I suggest threading the ends of the rods
and drilling the hole undersize. That way
you can twist the rod in with the threads
and 1.5" or so of depth would be more 
than enough. You'd only have to thread
the first .5" or so if you wanted to get
it done quicker.


----------



## runswithscissors (Nov 8, 2012)

+1 on the barefoot ship's auger. They have no lead screw (i.e. "barefoot) and are designed to drill long holes in a boat's deadwood for the propellor shaft. Not a situation where you want a crooked hole. Unless you live in boat building area, the local hardware store won't have them, but WoodenBoat magazine could give you some leads. Or google boat building tools. Or just google barefoot auger.

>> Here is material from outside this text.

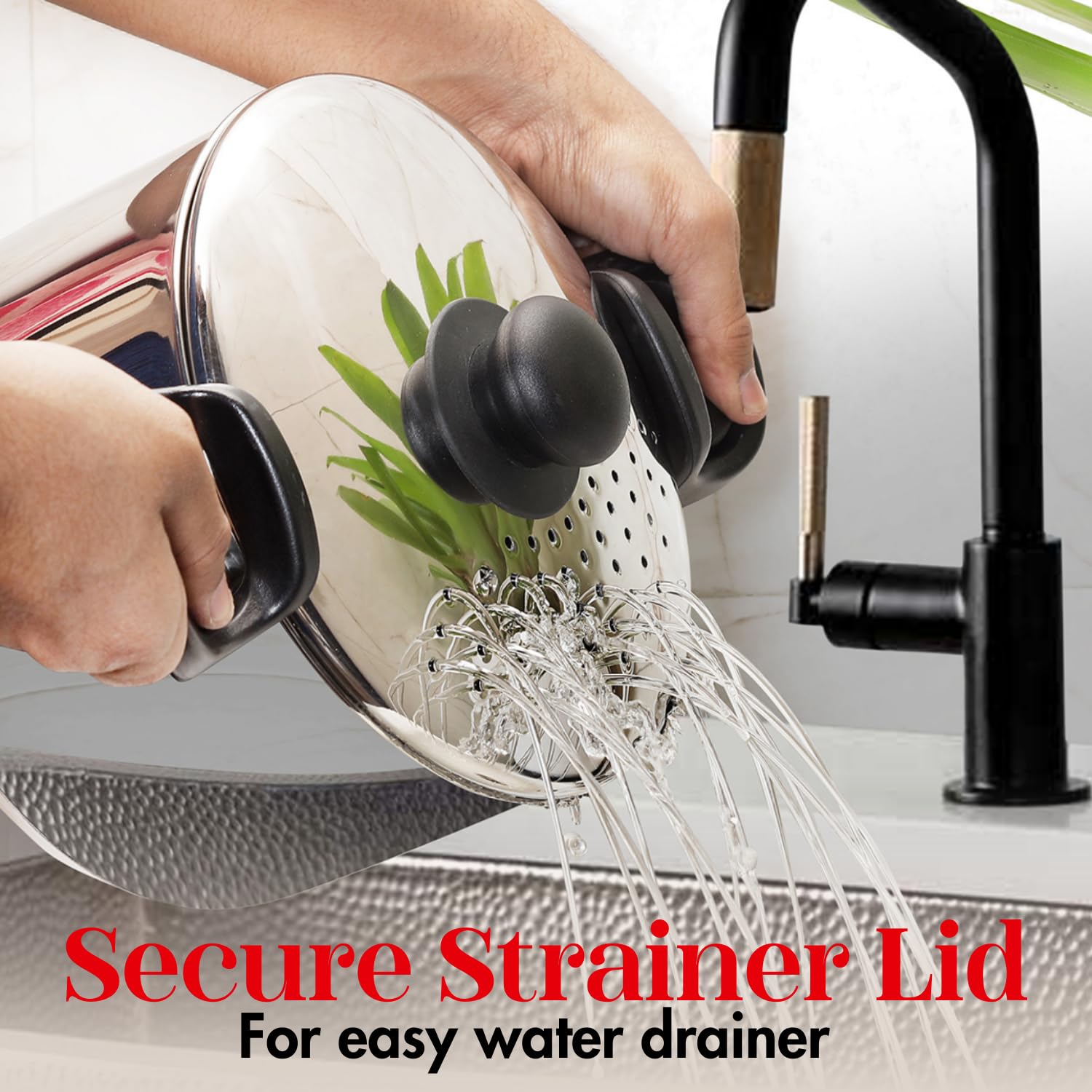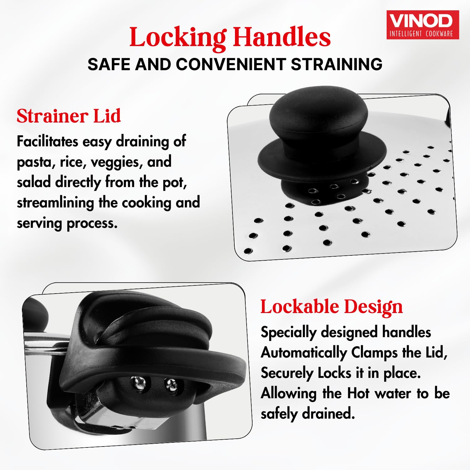 Vinod Stainless Steel Pasta, Rice Pot with Strainer lid , SAS Bottom Rice Steamer Cooker, Noodles, Veggies Boiler Pot with Locking Handles, Induction Base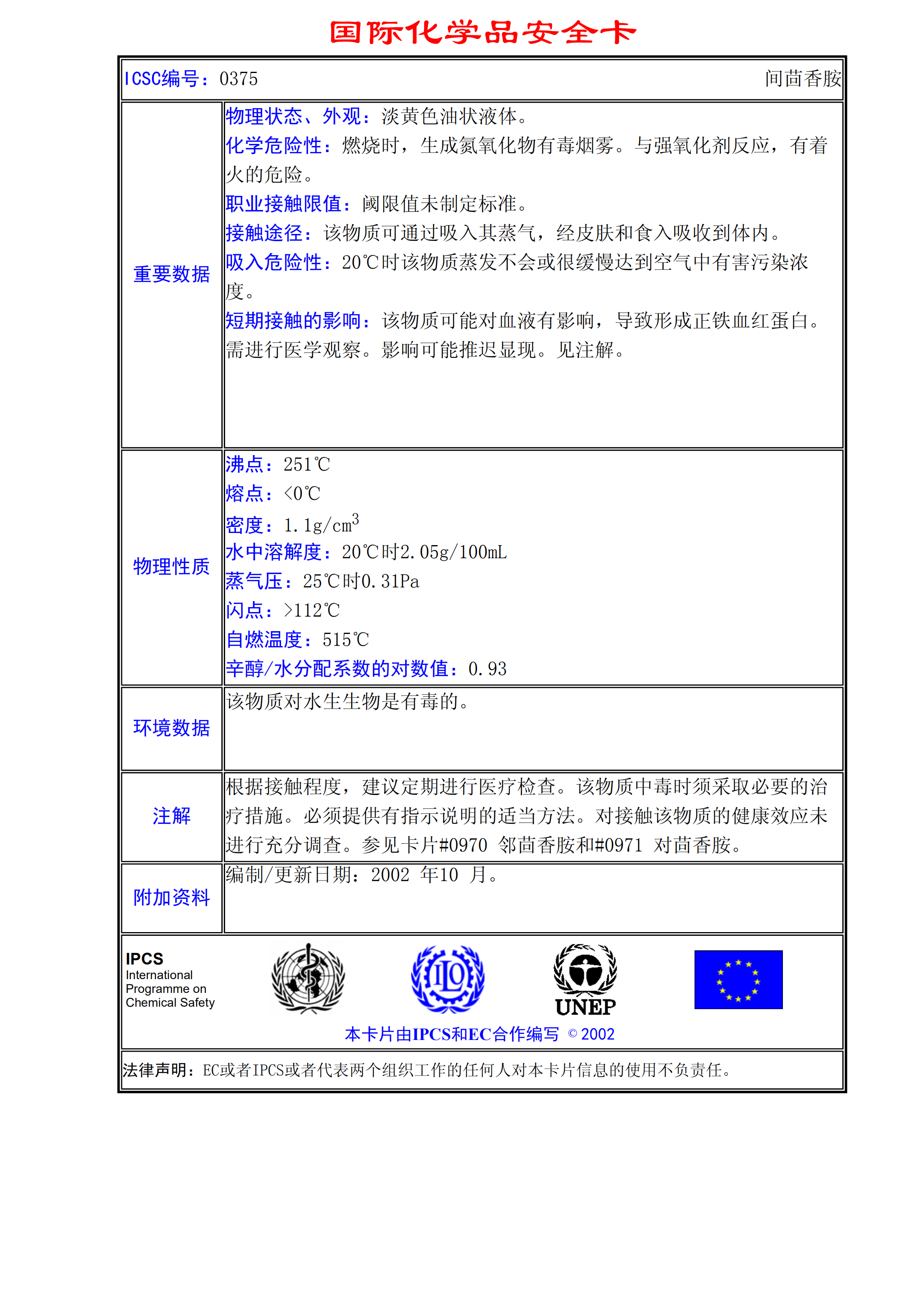 間茴香胺MSDS

I also wondered about your procedure. Lathes typically have a hollow tube where the tailstock fits. You can take your long drill and run it through this hole (maybe with some sort of bushings to keep in centered), and turn the wood rather than turning the drill. Wooden lamps are often made this way.


----------



## StevenJOwens (Jun 26, 2017)

Sorry, to clarify, the metal rods are 5-6" long, the hole only needs to be half that, i.e. 2-3".

Doweling jig certainly looks worth trying. The shopsmith looks great, but a bit out of my price range.


----------



## jonah (May 15, 2009)

Couldn't you start the holes on the drill press going in from each side, then use the already drilled holes as a guide to go straight through to the other side?


----------